2019年2月27日水曜日

道草

映画「道草」を、新宿のK`sシネマで観てきました。


知的障害と自閉症を持つ人の自立生活。その人自身の日常の様子や、介助で関わる人たちとの関係性が、自然にえがかれていました。
登場する人たちの人となりがすっと入ってくるような映画で、いい映画だったなあと思いました。

固定観念のようなものがないというか、信頼関係を感じるというか、映像にするときに一人一人の個人を自然に残せるのは、映す側の視野の広さなのかも知れません。

伝えにくいことも映像にこめ、ありのままに生きていくということを問いかけてくる感覚を覚えました。

季節の鳥や木々や花の様子もうつくしく、映画の登場人物と一緒に大きな夕日を眺めたりしている気分になりました。

私も昔自立生活センターの職員として働いていた頃がありましたが、私自身はとても視野が狭かったなあと改めて感じました。あの頃は自分にビジョンがないことに悩みながら活動していたけれど、そしてうまいようにできないことにいろんな感情を味わっていたけれど、それはきっと自分自身のことで精一杯な部分が多かったんだろうなって。

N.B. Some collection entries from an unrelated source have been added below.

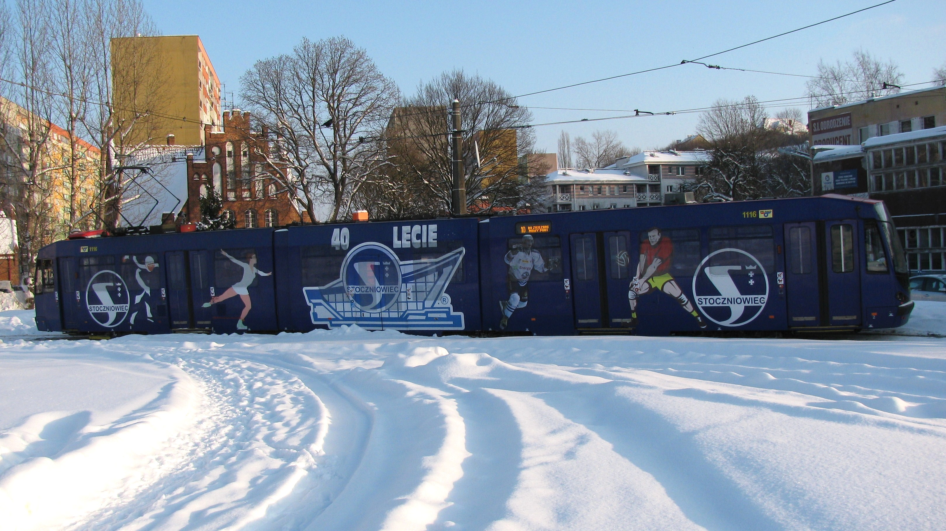 A Moderus Beta MF 01 tram in Gdańsk, Stoczniowiec Gdańsk winter sports club.
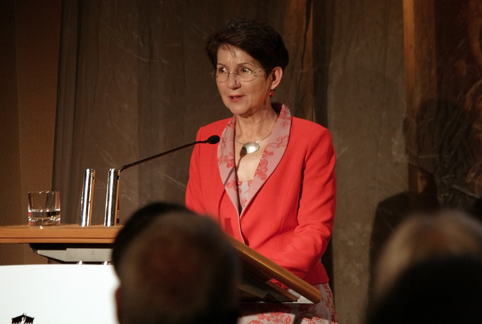 Barbara Prammer, 43. Fernsehpreis der Österreichischen Erwachsenenbildung at the Budget Hall of the Austrian Parliament Building in Vienna.
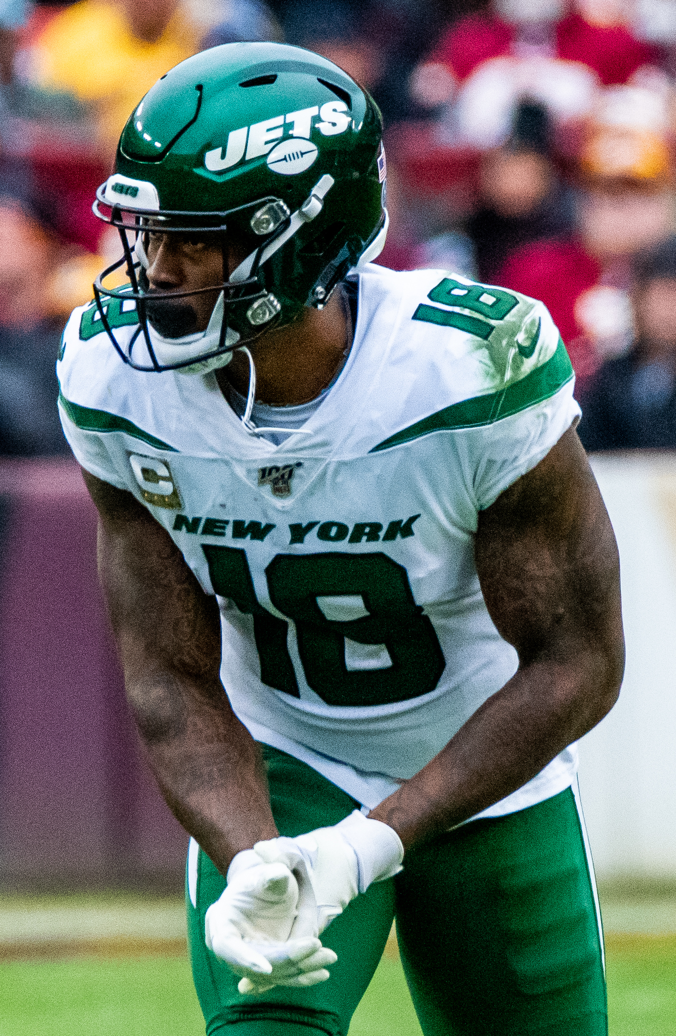 In 2019
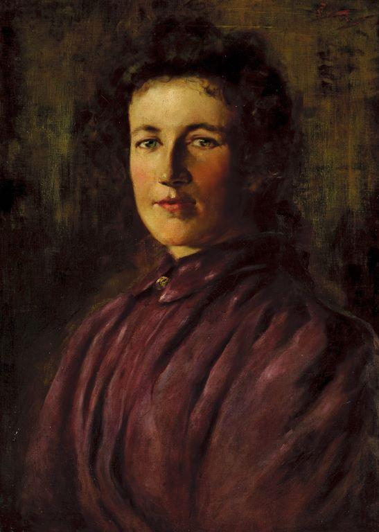 Portrait of Jane Eyre by Girolamo Pieri Nerli
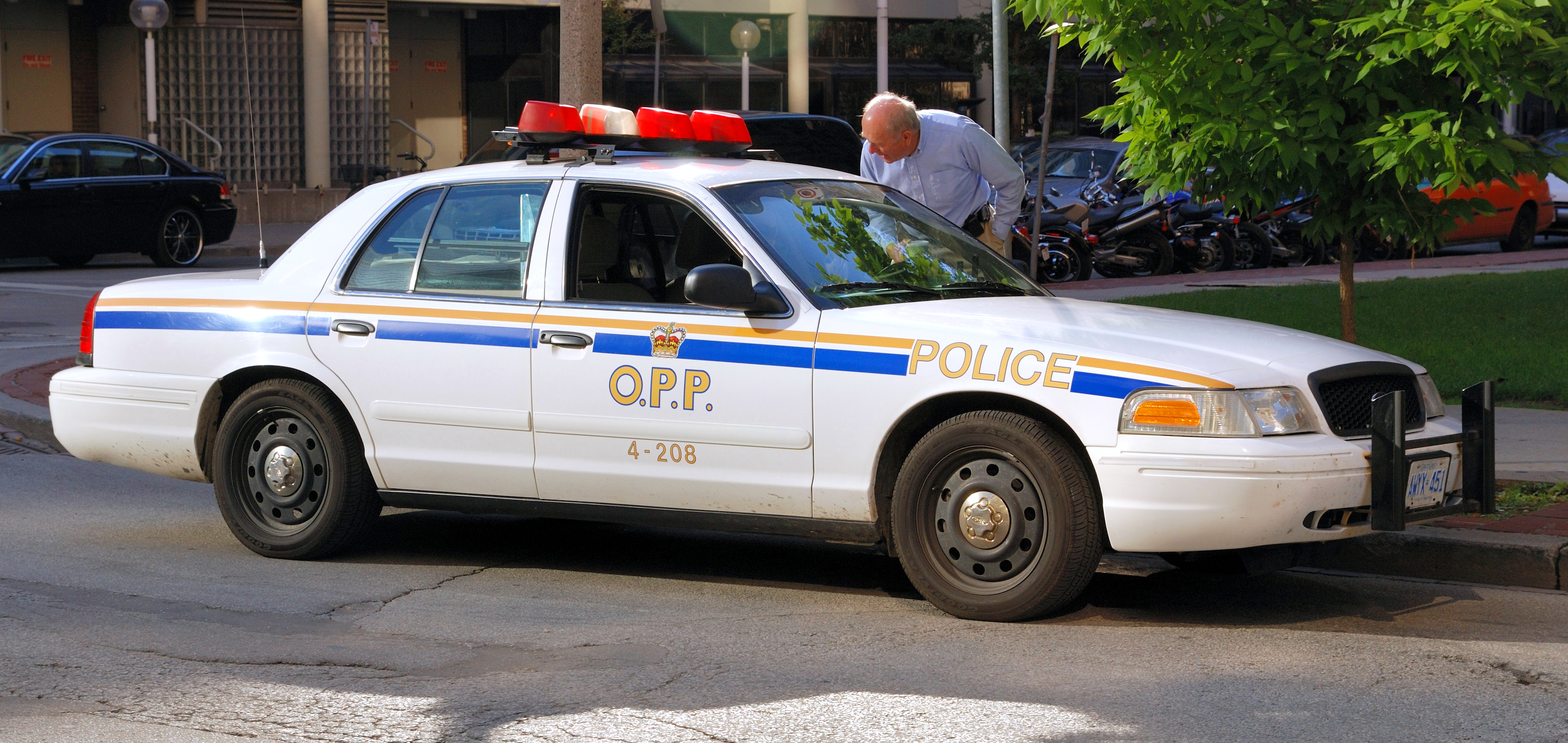 O.P.P.-Police car in Toronto
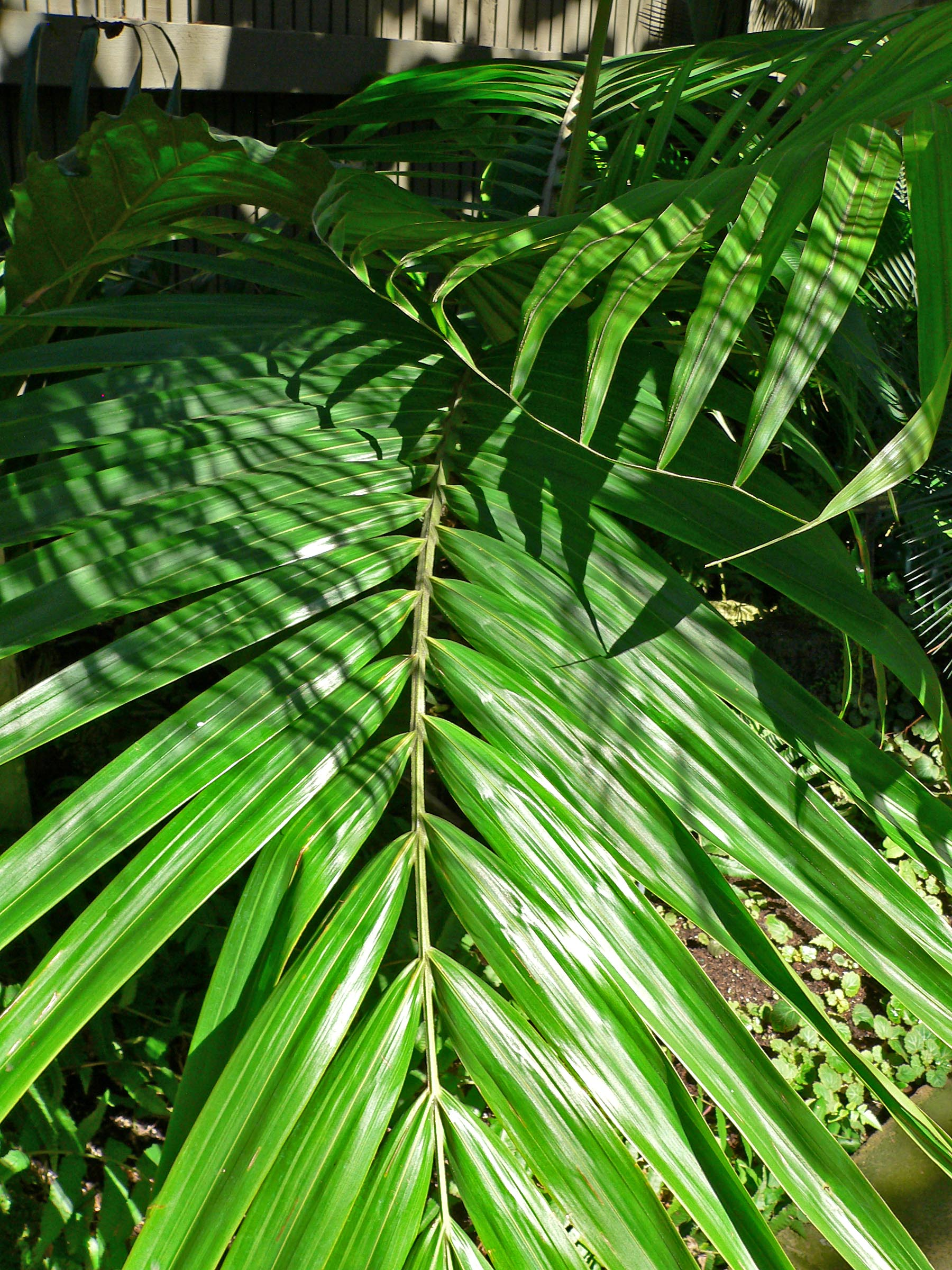 Photo of Burretiokentia vieillardii at Balboa Park

。

立場が違うそれぞれの人が意見を交わしながらの年月を積み重ねて、今の道があるんだと、自戒を持ってかんじました。

私は私のやりたいことしかできないのだなあと、思いました。


K'sシネマでは3月8日まで。10時20分の上映です。
平日に行ってきましたが、かなり混んでいました。車いす席は2つで、事前に連絡すれば座席を外しておいて下さいます。

2019年2月26日火曜日

東京都美術館の特別鑑賞会

東京都美術館では、企画展の各機関のうち一日だけ、障害のある人のための特別鑑賞会を催しています。
東京藝術大学とコラボした、とびらプロジェクトの活動なのだそうです。

数年前から友人に誘われて、毎回応募し、抽選に当たると出かけています。

開催されるのは期間中のある月曜日。友人は、くじ運が強いらしく毎回当選しますが、私は2回ほど外しています。

今回は江戸絵画。色使いも面白く、大胆な作品もあり、すっかり楽しみました。

毎回、タブレットを持っている方々が要所要所にいらっしゃって、お願いするとタブレットの中の絵画を大きくして見せてくださいます。


数回行われる10分ほどの企画展示に関するトークも、わかりやすくていいなあと思っています。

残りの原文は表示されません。